* **What you are asked to do**: Return the material below exactly, but only from the line with "On the Town" through the line with "Розв'яжіть нерівність х+2/х-5<0.", and without its pictures.

• • • • •

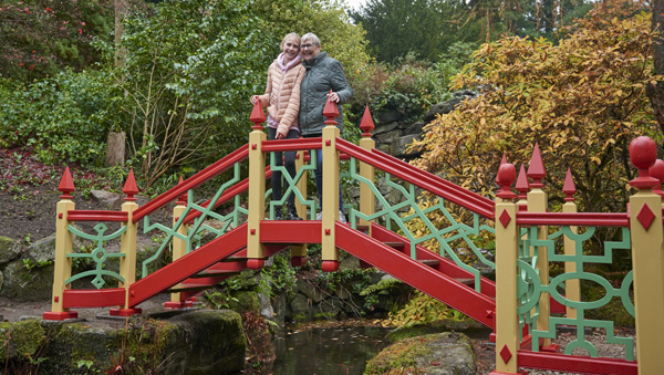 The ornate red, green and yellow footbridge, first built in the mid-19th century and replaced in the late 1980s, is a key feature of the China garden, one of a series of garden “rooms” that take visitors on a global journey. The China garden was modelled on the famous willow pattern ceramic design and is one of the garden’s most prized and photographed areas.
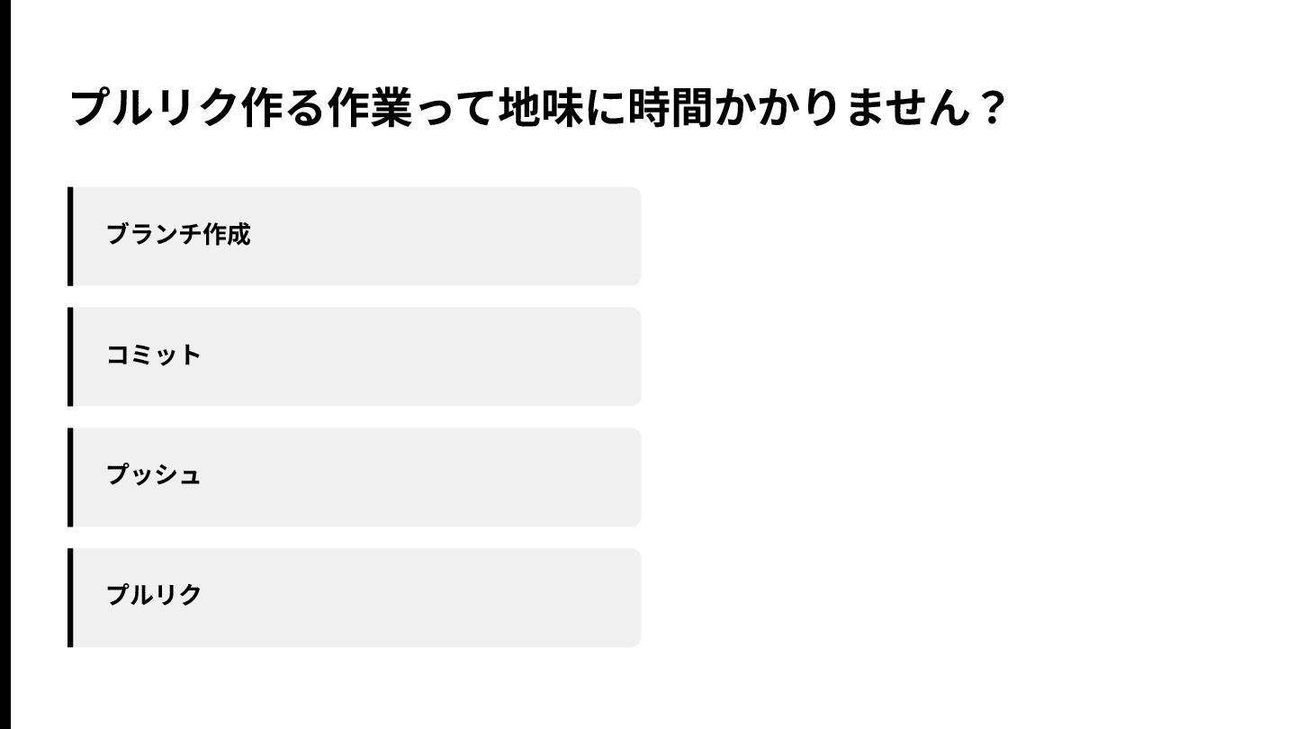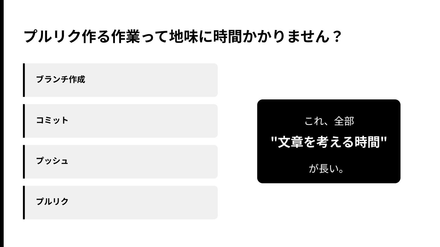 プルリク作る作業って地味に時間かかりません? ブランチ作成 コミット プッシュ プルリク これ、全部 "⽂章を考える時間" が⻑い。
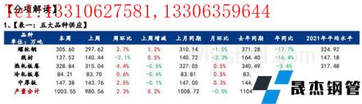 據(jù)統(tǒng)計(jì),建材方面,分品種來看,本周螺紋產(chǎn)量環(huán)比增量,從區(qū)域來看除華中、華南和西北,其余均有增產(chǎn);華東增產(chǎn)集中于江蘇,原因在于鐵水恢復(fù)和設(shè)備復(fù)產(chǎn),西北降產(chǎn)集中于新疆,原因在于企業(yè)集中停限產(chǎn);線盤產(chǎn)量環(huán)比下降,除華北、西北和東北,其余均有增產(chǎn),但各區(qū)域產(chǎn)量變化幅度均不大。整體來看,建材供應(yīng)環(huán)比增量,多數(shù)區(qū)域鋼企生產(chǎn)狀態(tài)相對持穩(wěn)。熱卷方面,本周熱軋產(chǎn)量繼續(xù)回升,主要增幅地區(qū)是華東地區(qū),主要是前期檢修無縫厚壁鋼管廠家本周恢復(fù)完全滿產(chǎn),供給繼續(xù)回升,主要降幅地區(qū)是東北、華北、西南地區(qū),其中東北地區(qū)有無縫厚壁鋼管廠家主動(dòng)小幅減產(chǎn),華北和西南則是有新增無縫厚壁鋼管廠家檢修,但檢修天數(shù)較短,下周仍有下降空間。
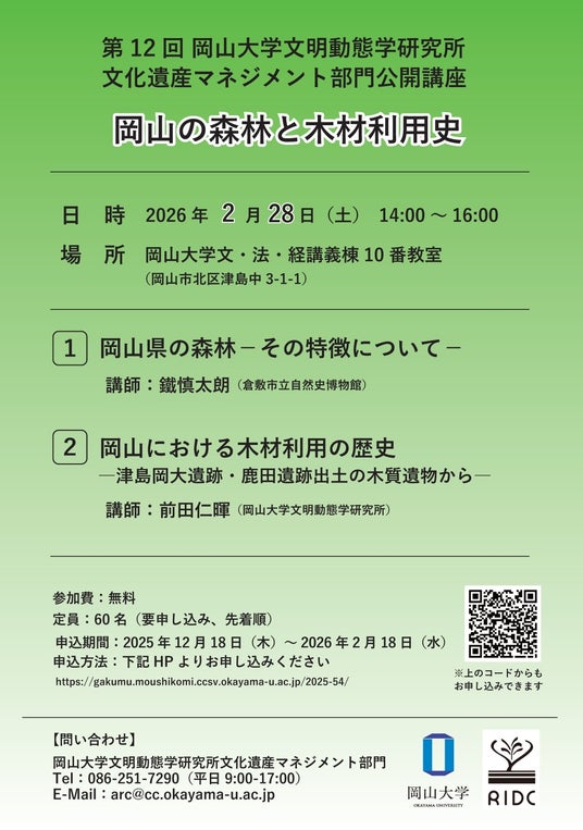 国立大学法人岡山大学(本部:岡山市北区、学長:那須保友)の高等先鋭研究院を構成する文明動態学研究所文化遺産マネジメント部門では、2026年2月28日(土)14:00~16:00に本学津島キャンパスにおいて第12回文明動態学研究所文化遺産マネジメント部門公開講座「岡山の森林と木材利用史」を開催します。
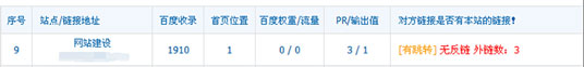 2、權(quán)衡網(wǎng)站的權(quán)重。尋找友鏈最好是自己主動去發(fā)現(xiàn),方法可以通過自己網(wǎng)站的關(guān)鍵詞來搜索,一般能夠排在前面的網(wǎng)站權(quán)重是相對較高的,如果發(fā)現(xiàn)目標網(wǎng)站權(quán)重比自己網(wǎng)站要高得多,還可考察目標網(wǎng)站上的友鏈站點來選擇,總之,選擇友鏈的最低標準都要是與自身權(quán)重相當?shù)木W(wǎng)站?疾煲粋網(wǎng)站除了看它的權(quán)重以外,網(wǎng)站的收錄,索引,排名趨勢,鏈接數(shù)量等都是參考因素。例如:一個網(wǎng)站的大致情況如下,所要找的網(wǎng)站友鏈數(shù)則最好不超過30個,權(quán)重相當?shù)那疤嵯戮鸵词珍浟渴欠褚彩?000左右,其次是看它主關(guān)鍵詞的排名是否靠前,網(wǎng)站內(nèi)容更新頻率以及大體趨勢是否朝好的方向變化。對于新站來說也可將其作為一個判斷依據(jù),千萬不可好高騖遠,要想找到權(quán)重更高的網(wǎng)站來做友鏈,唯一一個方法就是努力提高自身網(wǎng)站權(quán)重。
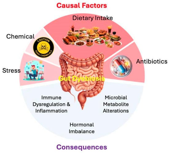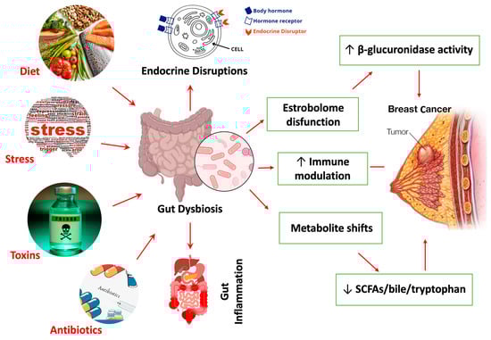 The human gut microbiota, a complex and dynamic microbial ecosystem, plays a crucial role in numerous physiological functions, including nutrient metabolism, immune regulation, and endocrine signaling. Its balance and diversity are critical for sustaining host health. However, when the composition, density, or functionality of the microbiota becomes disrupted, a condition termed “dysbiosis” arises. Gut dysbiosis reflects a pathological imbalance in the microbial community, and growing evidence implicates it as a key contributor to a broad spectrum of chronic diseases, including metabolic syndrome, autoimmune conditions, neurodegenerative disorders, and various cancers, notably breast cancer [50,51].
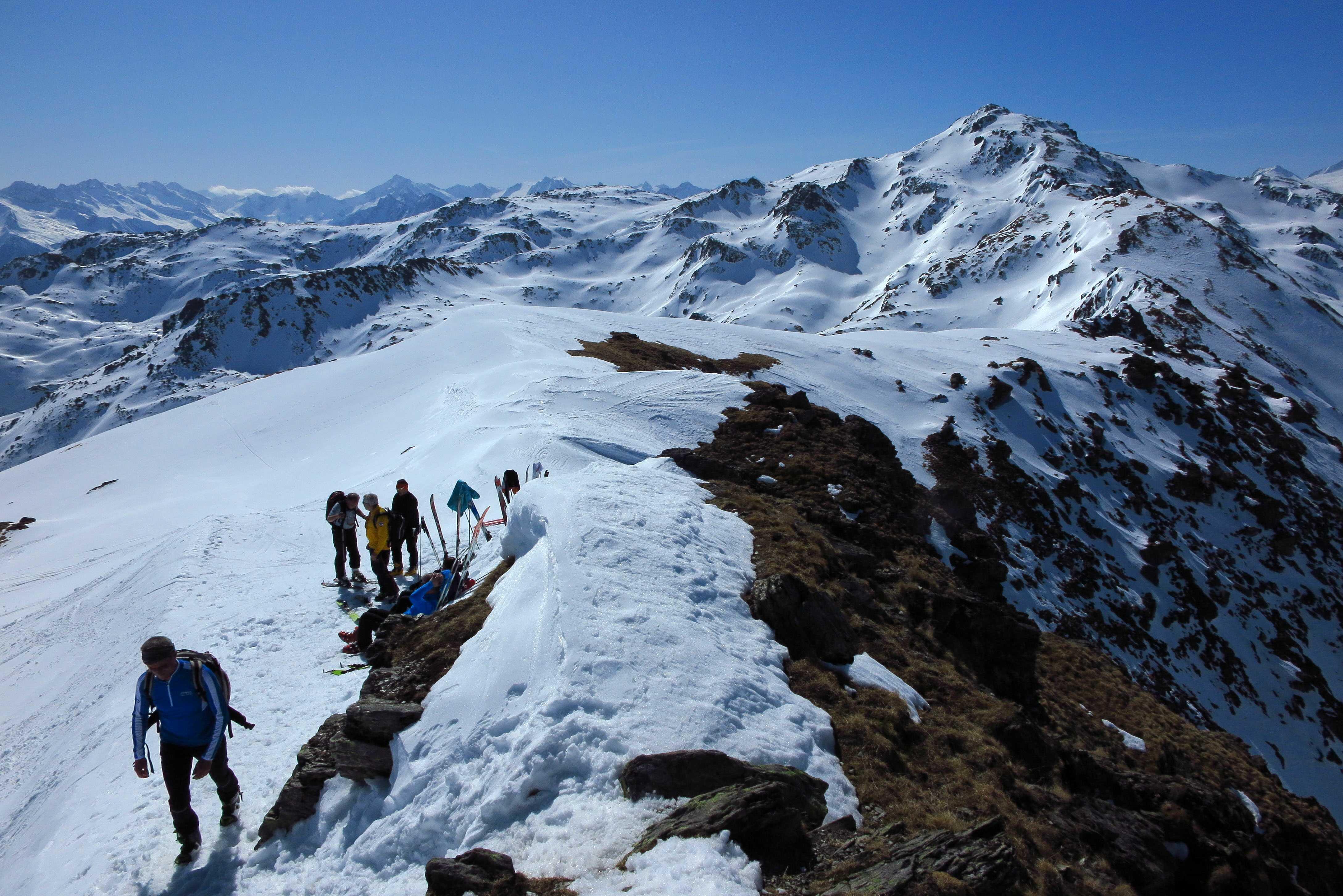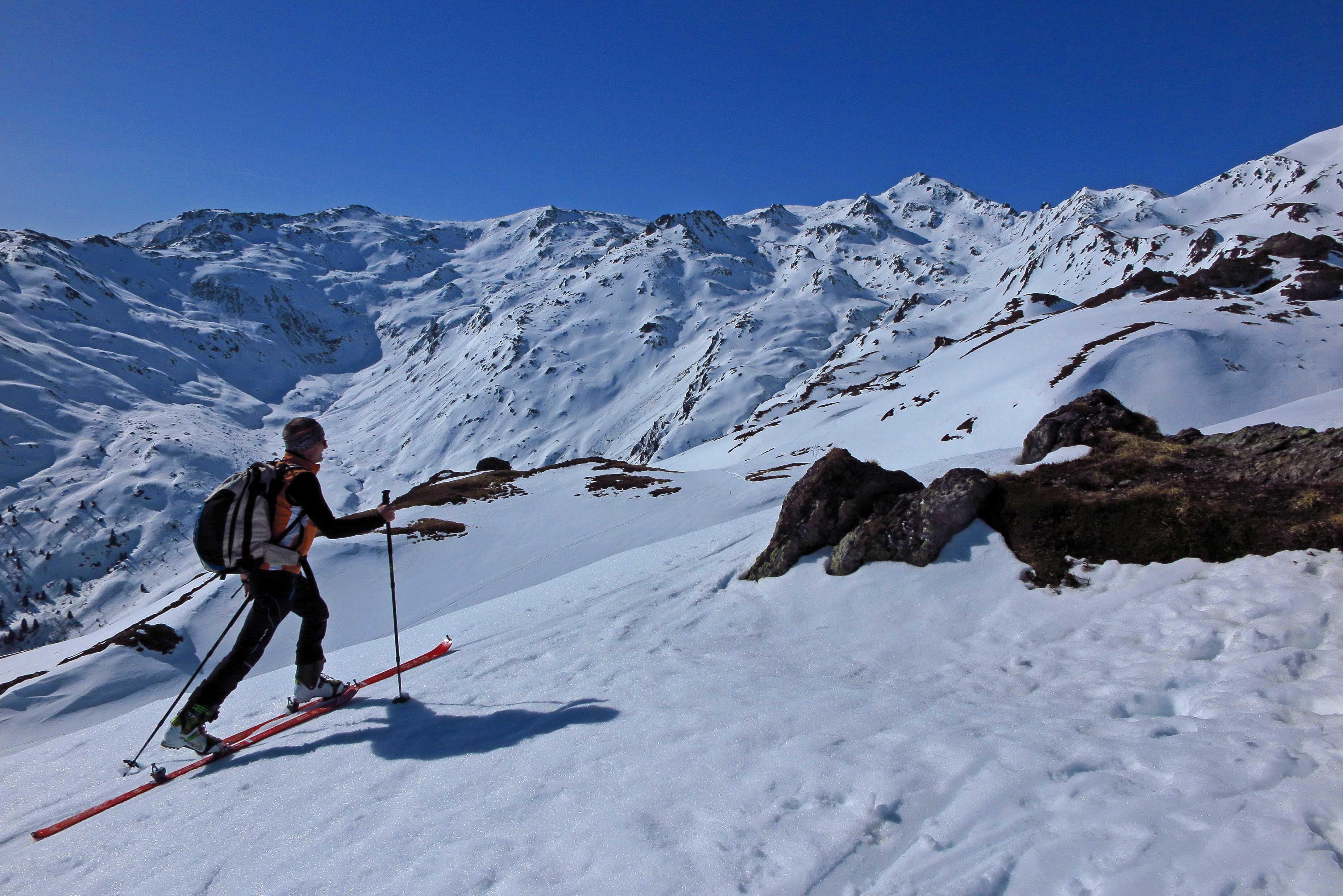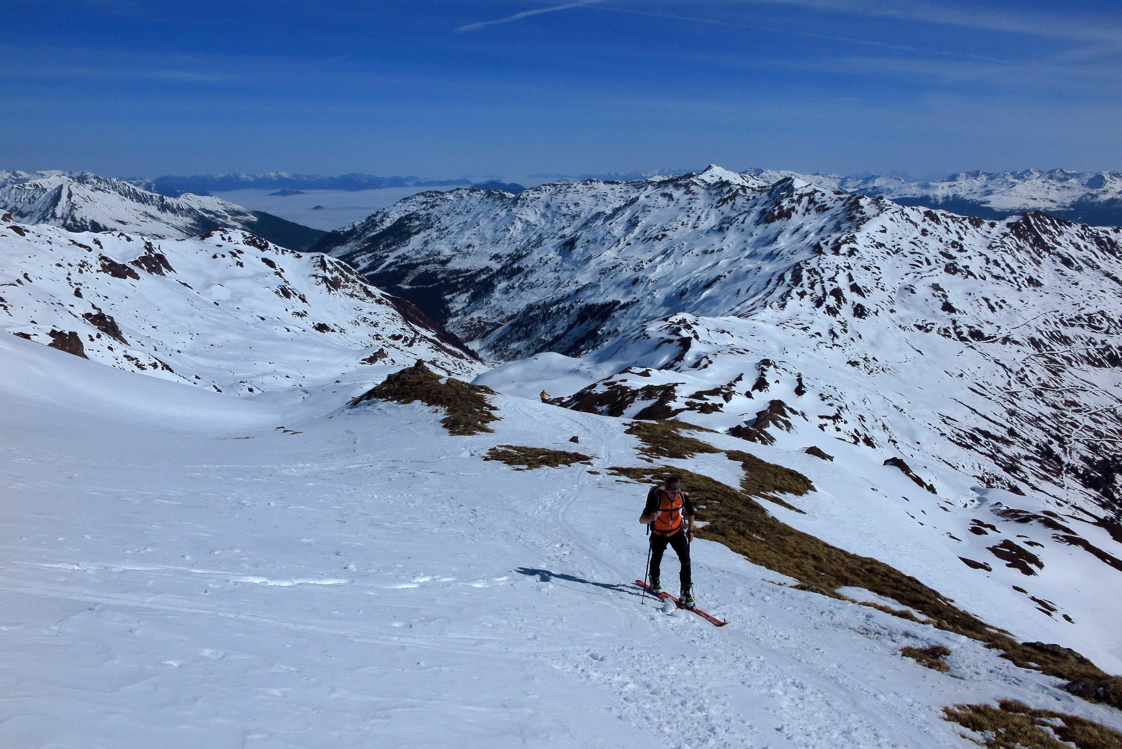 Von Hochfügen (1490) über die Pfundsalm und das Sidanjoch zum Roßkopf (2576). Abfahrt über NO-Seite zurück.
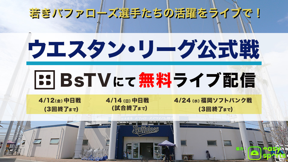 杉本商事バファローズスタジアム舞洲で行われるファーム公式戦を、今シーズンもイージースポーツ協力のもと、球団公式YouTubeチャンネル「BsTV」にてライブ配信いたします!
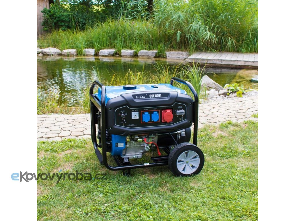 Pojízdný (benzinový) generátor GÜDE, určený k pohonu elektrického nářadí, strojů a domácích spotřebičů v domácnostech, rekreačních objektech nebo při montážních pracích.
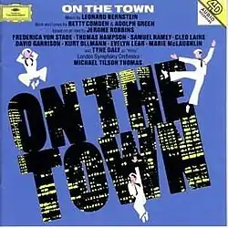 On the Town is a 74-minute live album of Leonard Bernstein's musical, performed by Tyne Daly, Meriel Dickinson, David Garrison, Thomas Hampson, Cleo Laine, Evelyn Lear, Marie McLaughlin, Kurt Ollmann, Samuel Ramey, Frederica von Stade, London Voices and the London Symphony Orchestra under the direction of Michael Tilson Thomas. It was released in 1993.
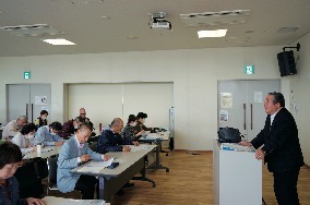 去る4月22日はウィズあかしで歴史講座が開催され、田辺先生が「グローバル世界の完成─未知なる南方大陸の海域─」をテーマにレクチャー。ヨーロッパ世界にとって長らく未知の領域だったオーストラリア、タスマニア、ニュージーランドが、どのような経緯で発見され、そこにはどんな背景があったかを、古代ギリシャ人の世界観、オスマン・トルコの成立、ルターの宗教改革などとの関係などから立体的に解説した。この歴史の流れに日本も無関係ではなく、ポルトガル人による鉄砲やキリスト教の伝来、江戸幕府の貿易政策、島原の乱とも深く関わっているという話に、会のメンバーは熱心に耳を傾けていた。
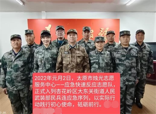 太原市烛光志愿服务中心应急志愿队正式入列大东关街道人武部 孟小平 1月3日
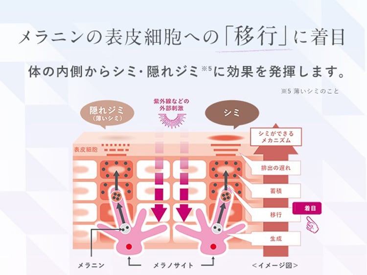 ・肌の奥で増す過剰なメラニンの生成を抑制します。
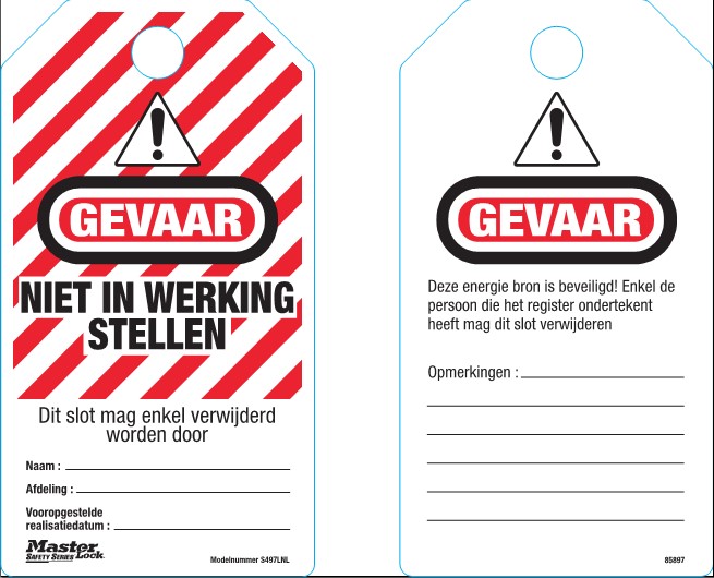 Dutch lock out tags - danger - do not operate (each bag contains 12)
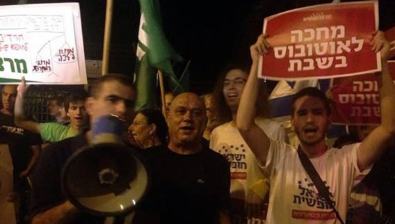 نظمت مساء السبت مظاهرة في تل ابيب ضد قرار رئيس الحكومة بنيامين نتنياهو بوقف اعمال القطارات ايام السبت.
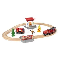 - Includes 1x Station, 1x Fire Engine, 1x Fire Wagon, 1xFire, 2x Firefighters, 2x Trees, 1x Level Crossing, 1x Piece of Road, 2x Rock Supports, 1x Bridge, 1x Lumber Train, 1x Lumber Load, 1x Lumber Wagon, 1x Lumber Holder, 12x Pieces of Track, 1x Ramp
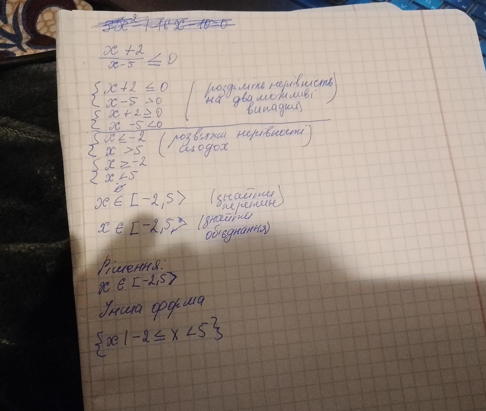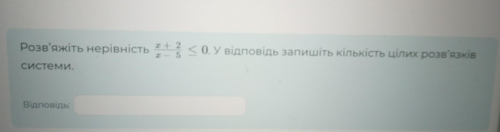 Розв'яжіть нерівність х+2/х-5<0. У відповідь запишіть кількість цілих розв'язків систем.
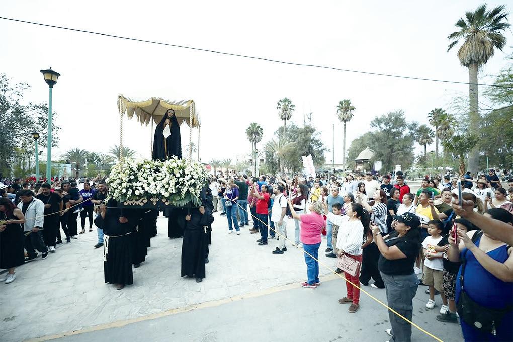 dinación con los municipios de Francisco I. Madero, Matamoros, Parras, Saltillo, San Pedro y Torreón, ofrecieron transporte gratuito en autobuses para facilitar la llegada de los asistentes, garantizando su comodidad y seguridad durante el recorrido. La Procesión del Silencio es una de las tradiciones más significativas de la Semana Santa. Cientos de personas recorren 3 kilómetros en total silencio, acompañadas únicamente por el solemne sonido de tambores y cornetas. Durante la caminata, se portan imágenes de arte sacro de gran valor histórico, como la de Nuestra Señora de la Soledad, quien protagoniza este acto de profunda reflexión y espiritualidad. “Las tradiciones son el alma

• • • • •

* **Completed exercise**:
 On the Town is a 74-minute live album of Leonard Bernstein's musical, performed by Tyne Daly, Meriel Dickinson, David Garrison, Thomas Hampson, Cleo Laine, Evelyn Lear, Marie McLaughlin, Kurt Ollmann, Samuel Ramey, Frederica von Stade, London Voices and the London Symphony Orchestra under the direction of Michael Tilson Thomas. It was released in 1993.
 去る4月22日はウィズあかしで歴史講座が開催され、田辺先生が「グローバル世界の完成─未知なる南方大陸の海域─」をテーマにレクチャー。ヨーロッパ世界にとって長らく未知の領域だったオーストラリア、タスマニア、ニュージーランドが、どのような経緯で発見され、そこにはどんな背景があったかを、古代ギリシャ人の世界観、オスマン・トルコの成立、ルターの宗教改革などとの関係などから立体的に解説した。この歴史の流れに日本も無関係ではなく、ポルトガル人による鉄砲やキリスト教の伝来、江戸幕府の貿易政策、島原の乱とも深く関わっているという話に、会のメンバーは熱心に耳を傾けていた。
 太原市烛光志愿服务中心应急志愿队正式入列大东关街道人武部 孟小平 1月3日
 ・肌の奥で増す過剰なメラニンの生成を抑制します。
 Dutch lock out tags - danger - do not operate (each bag contains 12)
 نظمت مساء السبت مظاهرة في تل ابيب ضد قرار رئيس الحكومة بنيامين نتنياهو بوقف اعمال القطارات ايام السبت.
 - Includes 1x Station, 1x Fire Engine, 1x Fire Wagon, 1xFire, 2x Firefighters, 2x Trees, 1x Level Crossing, 1x Piece of Road, 2x Rock Supports, 1x Bridge, 1x Lumber Train, 1x Lumber Load, 1x Lumber Wagon, 1x Lumber Holder, 12x Pieces of Track, 1x Ramp
 Розв'яжіть нерівність х+2/х-5<0. У відповідь запишіть кількість цілих розв'язків систем.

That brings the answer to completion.